#### Data for this exercise
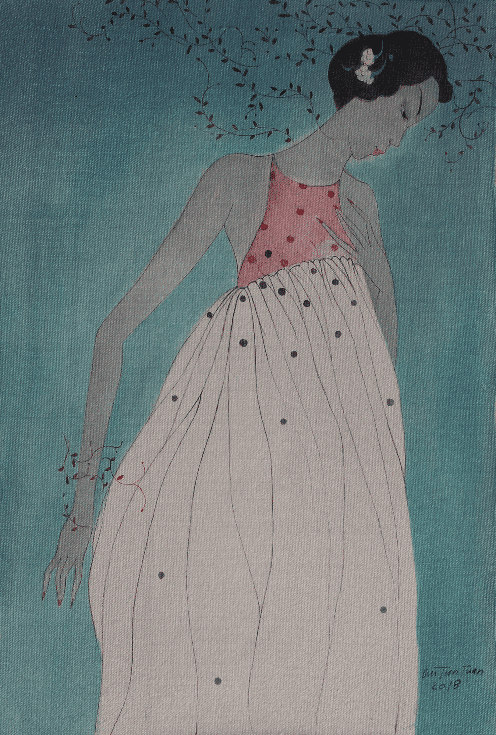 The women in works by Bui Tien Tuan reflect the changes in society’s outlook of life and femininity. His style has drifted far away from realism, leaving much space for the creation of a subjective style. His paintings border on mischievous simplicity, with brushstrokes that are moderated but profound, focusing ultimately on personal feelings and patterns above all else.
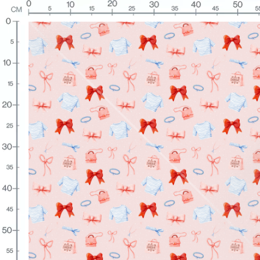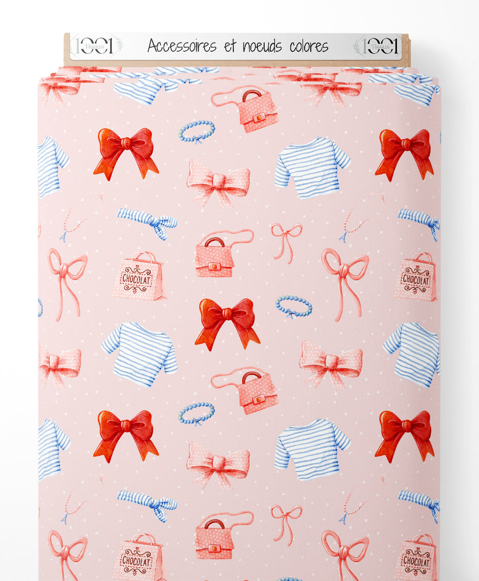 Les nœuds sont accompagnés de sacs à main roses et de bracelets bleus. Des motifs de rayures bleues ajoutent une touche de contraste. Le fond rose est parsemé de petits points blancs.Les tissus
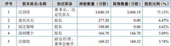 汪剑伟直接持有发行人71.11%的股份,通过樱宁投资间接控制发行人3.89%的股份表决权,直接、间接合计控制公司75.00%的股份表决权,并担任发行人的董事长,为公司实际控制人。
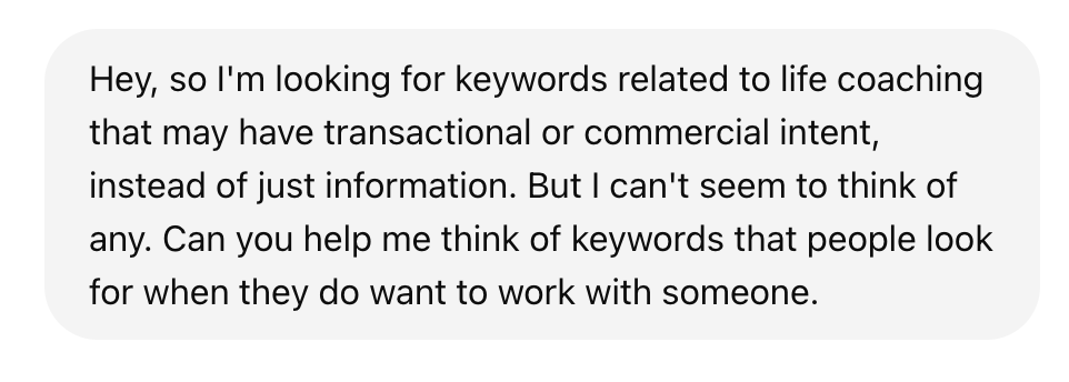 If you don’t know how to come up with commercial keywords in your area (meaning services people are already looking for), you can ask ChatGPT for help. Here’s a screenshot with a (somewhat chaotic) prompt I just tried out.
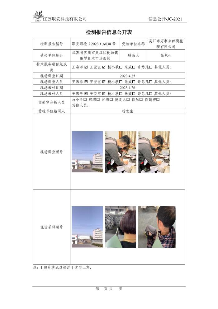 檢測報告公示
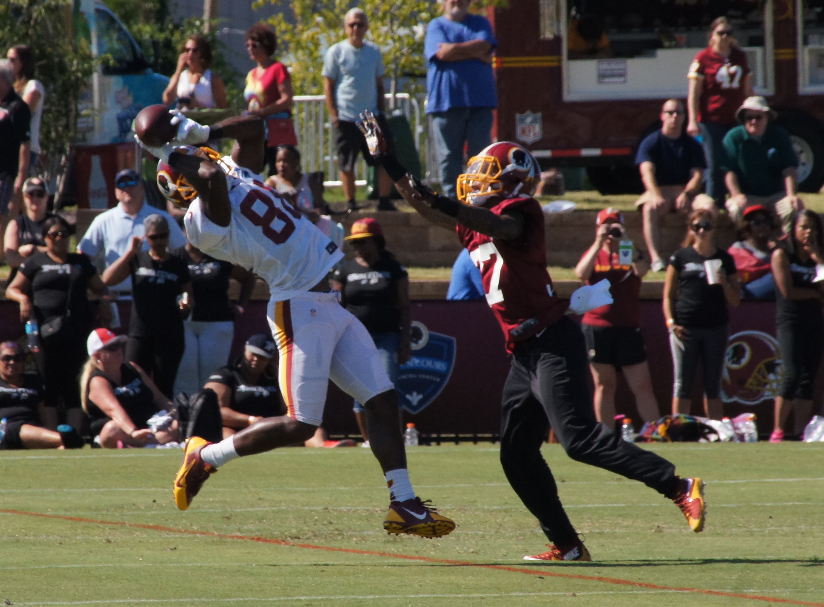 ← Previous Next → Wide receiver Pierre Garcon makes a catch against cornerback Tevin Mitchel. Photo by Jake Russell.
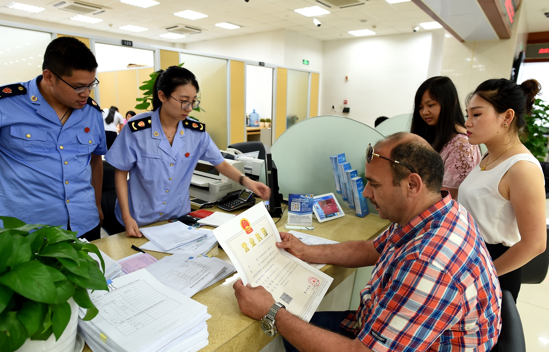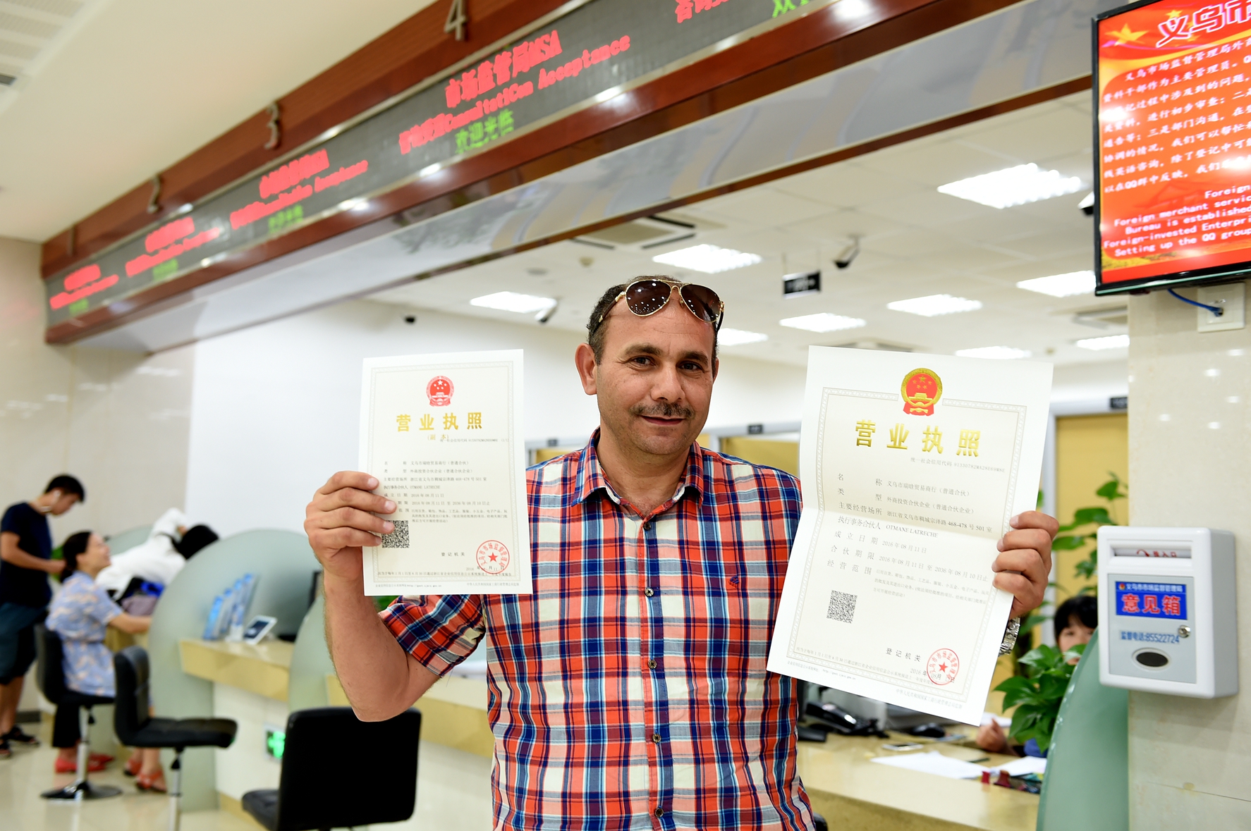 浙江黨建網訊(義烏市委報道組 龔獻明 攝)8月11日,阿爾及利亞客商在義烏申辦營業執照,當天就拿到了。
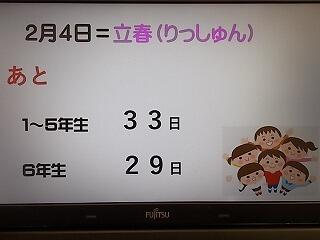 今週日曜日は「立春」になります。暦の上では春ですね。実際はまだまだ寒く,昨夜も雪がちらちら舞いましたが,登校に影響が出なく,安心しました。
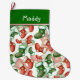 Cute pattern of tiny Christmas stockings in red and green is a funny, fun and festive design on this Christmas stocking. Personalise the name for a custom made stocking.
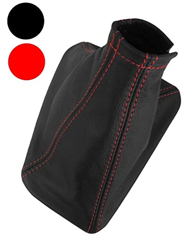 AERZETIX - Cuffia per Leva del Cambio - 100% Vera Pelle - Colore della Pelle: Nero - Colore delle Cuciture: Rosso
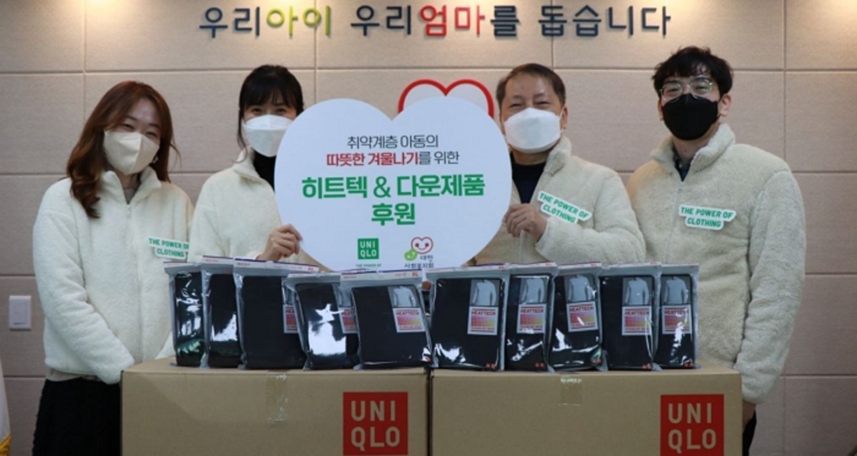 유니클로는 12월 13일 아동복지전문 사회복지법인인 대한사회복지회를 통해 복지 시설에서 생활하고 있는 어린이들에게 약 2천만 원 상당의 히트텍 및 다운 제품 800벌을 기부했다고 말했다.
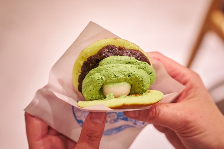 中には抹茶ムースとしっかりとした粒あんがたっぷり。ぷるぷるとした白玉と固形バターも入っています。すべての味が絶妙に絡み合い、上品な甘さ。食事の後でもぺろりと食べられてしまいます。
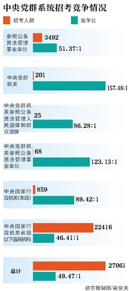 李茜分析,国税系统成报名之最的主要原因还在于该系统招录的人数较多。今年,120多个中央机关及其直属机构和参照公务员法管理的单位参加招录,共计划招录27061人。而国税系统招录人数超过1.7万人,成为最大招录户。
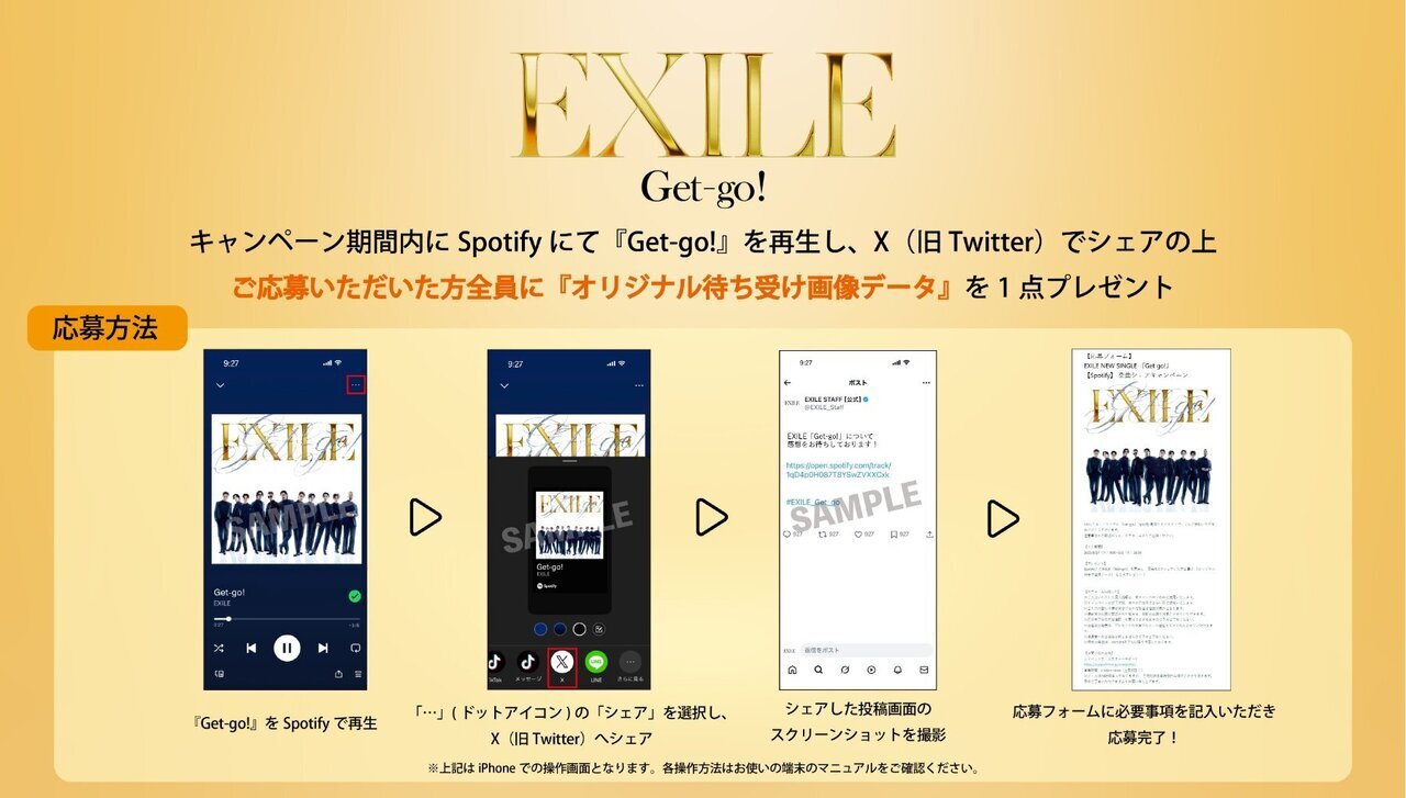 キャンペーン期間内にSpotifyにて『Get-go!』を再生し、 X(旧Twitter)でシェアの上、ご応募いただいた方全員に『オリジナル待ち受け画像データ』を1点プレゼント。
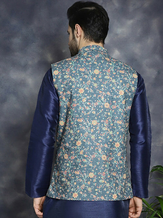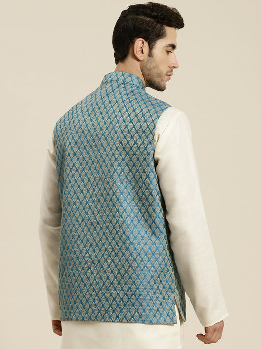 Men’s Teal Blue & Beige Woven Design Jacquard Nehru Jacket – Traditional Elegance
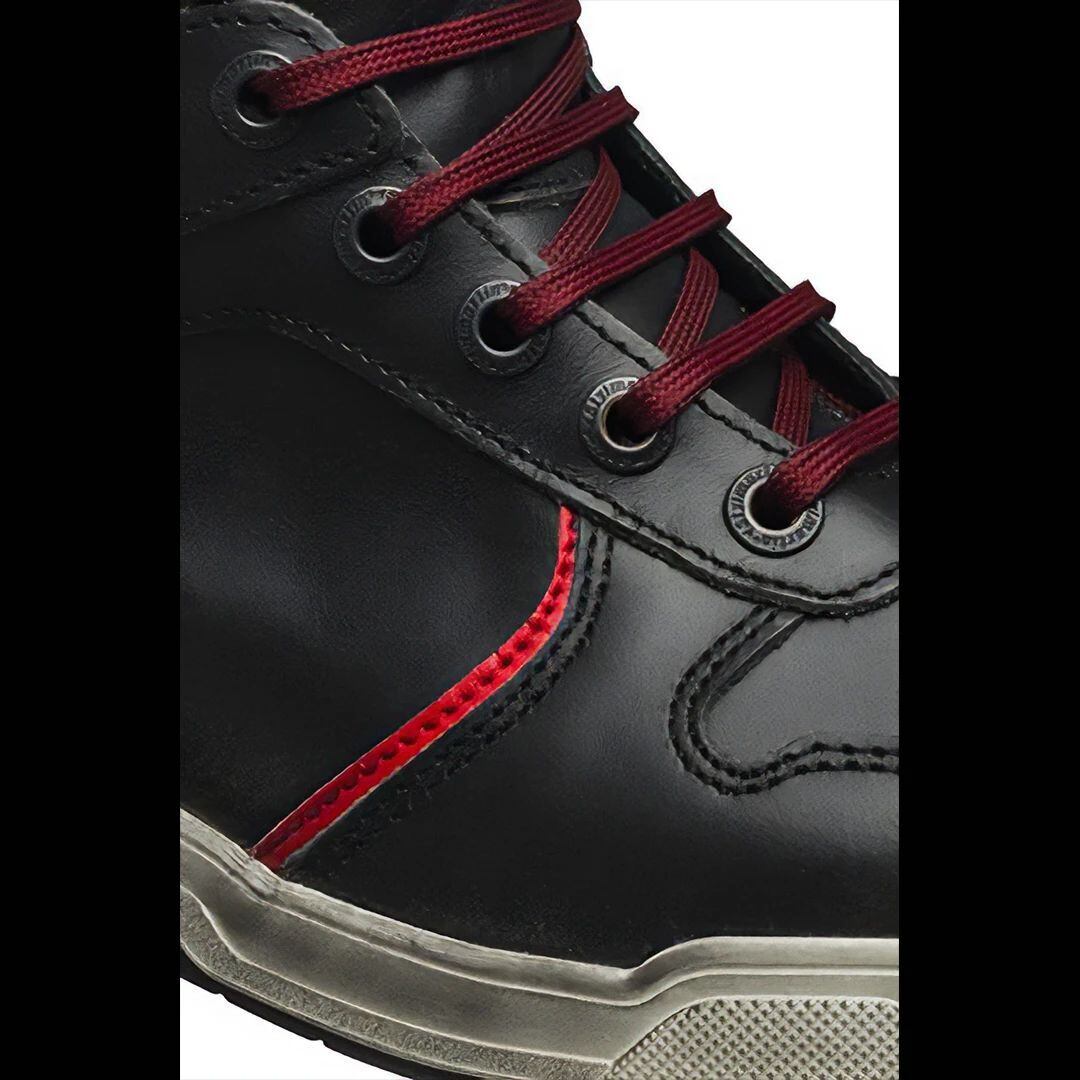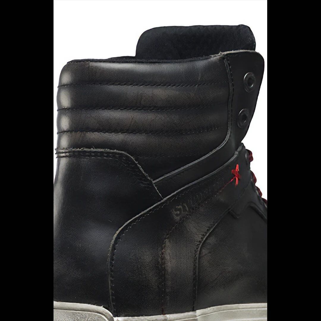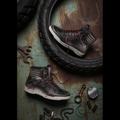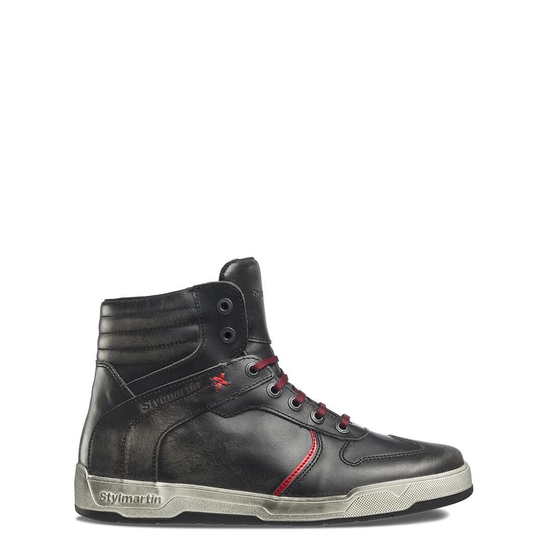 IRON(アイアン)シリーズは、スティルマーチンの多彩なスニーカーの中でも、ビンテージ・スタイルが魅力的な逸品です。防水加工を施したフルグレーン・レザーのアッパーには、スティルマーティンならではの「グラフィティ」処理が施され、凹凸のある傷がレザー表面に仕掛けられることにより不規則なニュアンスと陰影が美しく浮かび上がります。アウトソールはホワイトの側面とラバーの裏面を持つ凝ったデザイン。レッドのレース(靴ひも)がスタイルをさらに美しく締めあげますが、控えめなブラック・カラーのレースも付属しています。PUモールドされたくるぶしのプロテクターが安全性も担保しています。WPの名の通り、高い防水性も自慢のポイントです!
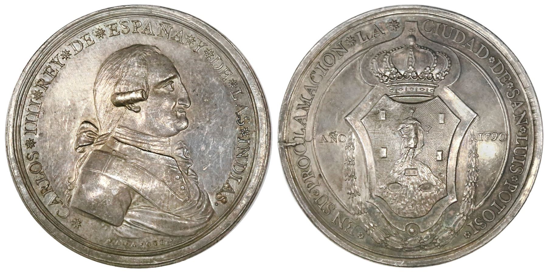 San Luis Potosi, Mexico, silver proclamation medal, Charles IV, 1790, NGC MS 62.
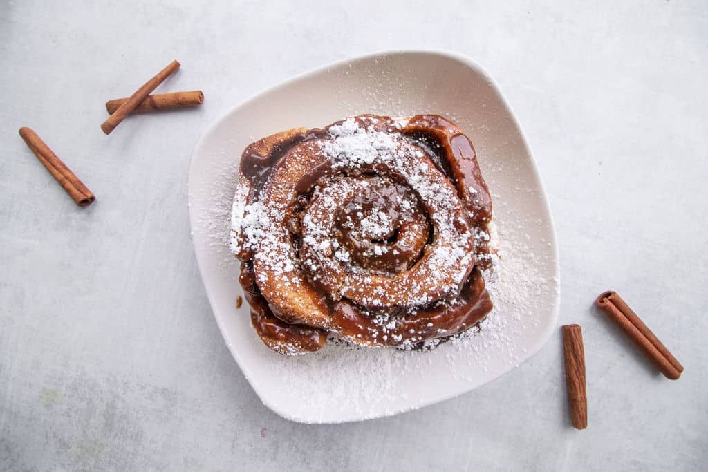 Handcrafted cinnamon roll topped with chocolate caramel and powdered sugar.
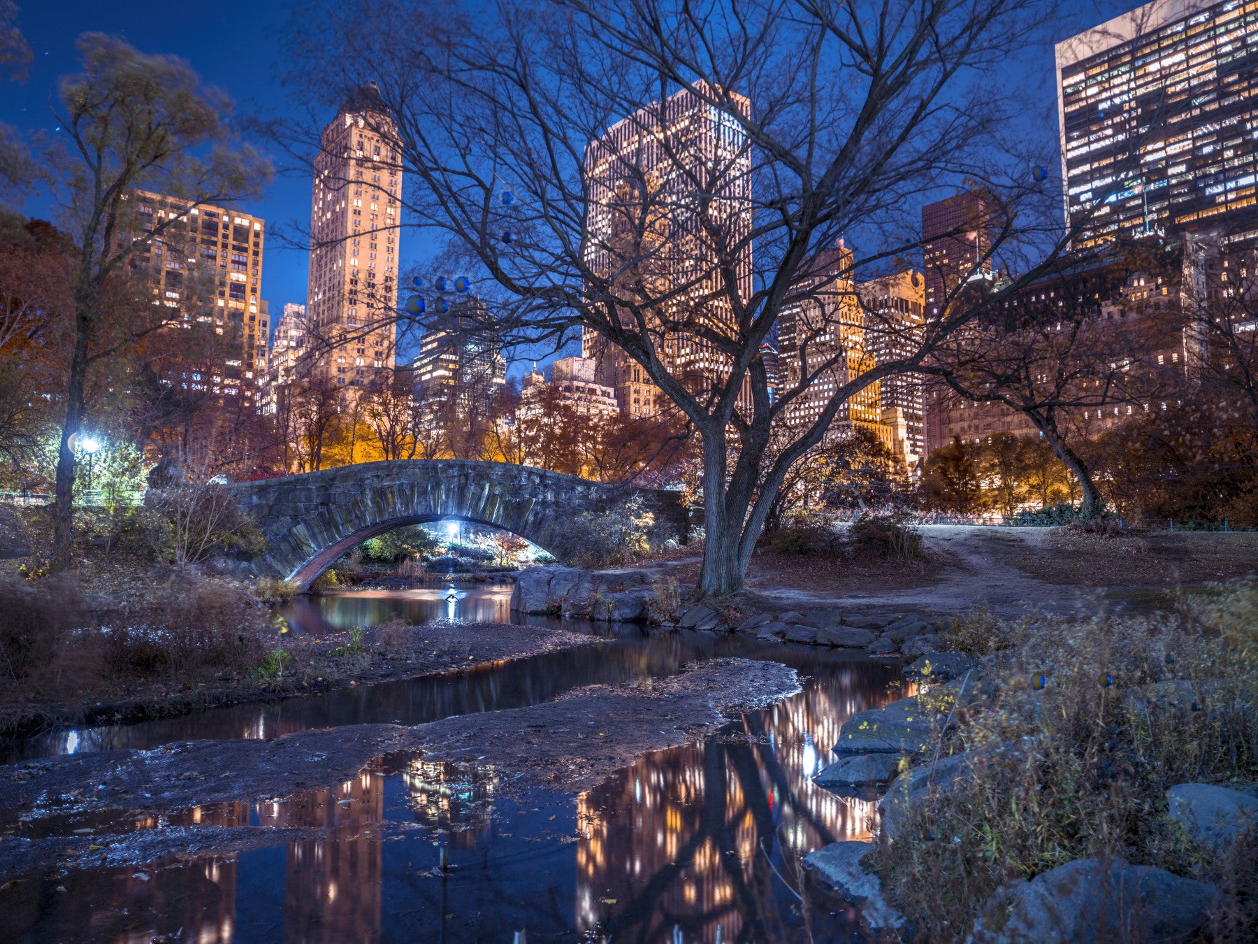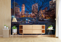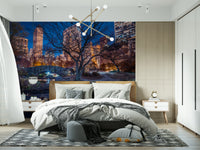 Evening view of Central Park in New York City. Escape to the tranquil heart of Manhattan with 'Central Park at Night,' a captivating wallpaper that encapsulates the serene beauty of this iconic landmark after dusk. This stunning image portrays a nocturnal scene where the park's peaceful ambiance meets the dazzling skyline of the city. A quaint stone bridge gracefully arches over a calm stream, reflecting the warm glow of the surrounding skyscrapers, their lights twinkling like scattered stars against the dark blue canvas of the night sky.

#### Task goal
Each entry should come back exactly as written, with its pictures omitted.

#### Answer space
 The women in works by Bui Tien Tuan reflect the changes in society’s outlook of life and femininity. His style has drifted far away from realism, leaving much space for the creation of a subjective style. His paintings border on mischievous simplicity, with brushstrokes that are moderated but profound, focusing ultimately on personal feelings and patterns above all else.
 Les nœuds sont accompagnés de sacs à main roses et de bracelets bleus. Des motifs de rayures bleues ajoutent une touche de contraste. Le fond rose est parsemé de petits points blancs.Les tissus
 汪剑伟直接持有发行人71.11%的股份,通过樱宁投资间接控制发行人3.89%的股份表决权,直接、间接合计控制公司75.00%的股份表决权,并担任发行人的董事长,为公司实际控制人。
 If you don’t know how to come up with commercial keywords in your area (meaning services people are already looking for), you can ask ChatGPT for help. Here’s a screenshot with a (somewhat chaotic) prompt I just tried out.
 檢測報告公示
 ← Previous Next → Wide receiver Pierre Garcon makes a catch against cornerback Tevin Mitchel. Photo by Jake Russell.
 浙江黨建網訊(義烏市委報道組 龔獻明 攝)8月11日,阿爾及利亞客商在義烏申辦營業執照,當天就拿到了。
 今週日曜日は「立春」になります。暦の上では春ですね。実際はまだまだ寒く,昨夜も雪がちらちら舞いましたが,登校に影響が出なく,安心しました。
 Cute pattern of tiny Christmas stockings in red and green is a funny, fun and festive design on this Christmas stocking. Personalise the name for a custom made stocking.
 AERZETIX - Cuffia per Leva del Cambio - 100% Vera Pelle - Colore della Pelle: Nero - Colore delle Cuciture: Rosso
 유니클로는 12월 13일 아동복지전문 사회복지법인인 대한사회복지회를 통해 복지 시설에서 생활하고 있는 어린이들에게 약 2천만 원 상당의 히트텍 및 다운 제품 800벌을 기부했다고 말했다.
 中には抹茶ムースとしっかりとした粒あんがたっぷり。ぷるぷるとした白玉と固形バターも入っています。すべての味が絶妙に絡み合い、上品な甘さ。食事の後でもぺろりと食べられてしまいます。
 李茜分析,国税系统成报名之最的主要原因还在于该系统招录的人数较多。今年,120多个中央机关及其直属机构和参照公务员法管理的单位参加招录,共计划招录27061人。而国税系统招录人数超过1.7万人,成为最大招录户。
 キャンペーン期間内にSpotifyにて『Get-go!』を再生し、 X(旧Twitter)でシェアの上、ご応募いただいた方全員に『オリジナル待ち受け画像データ』を1点プレゼント。
 Men’s Teal Blue & Beige Woven Design Jacquard Nehru Jacket – Traditional Elegance
 IRON(アイアン)シリーズは、スティルマーチンの多彩なスニーカーの中でも、ビンテージ・スタイルが魅力的な逸品です。防水加工を施したフルグレーン・レザーのアッパーには、スティルマーティンならではの「グラフィティ」処理が施され、凹凸のある傷がレザー表面に仕掛けられることにより不規則なニュアンスと陰影が美しく浮かび上がります。アウトソールはホワイトの側面とラバーの裏面を持つ凝ったデザイン。レッドのレース(靴ひも)がスタイルをさらに美しく締めあげますが、控えめなブラック・カラーのレースも付属しています。PUモールドされたくるぶしのプロテクターが安全性も担保しています。WPの名の通り、高い防水性も自慢のポイントです!
 San Luis Potosi, Mexico, silver proclamation medal, Charles IV, 1790, NGC MS 62.
 Handcrafted cinnamon roll topped with chocolate caramel and powdered sugar.
 Evening view of Central Park in New York City. Escape to the tranquil heart of Manhattan with 'Central Park at Night,' a captivating wallpaper that encapsulates the serene beauty of this iconic landmark after dusk. This stunning image portrays a nocturnal scene where the park's peaceful ambiance meets the dazzling skyline of the city. A quaint stone bridge gracefully arches over a calm stream, reflecting the warm glow of the surrounding skyscrapers, their lights twinkling like scattered stars against the dark blue canvas of the night sky.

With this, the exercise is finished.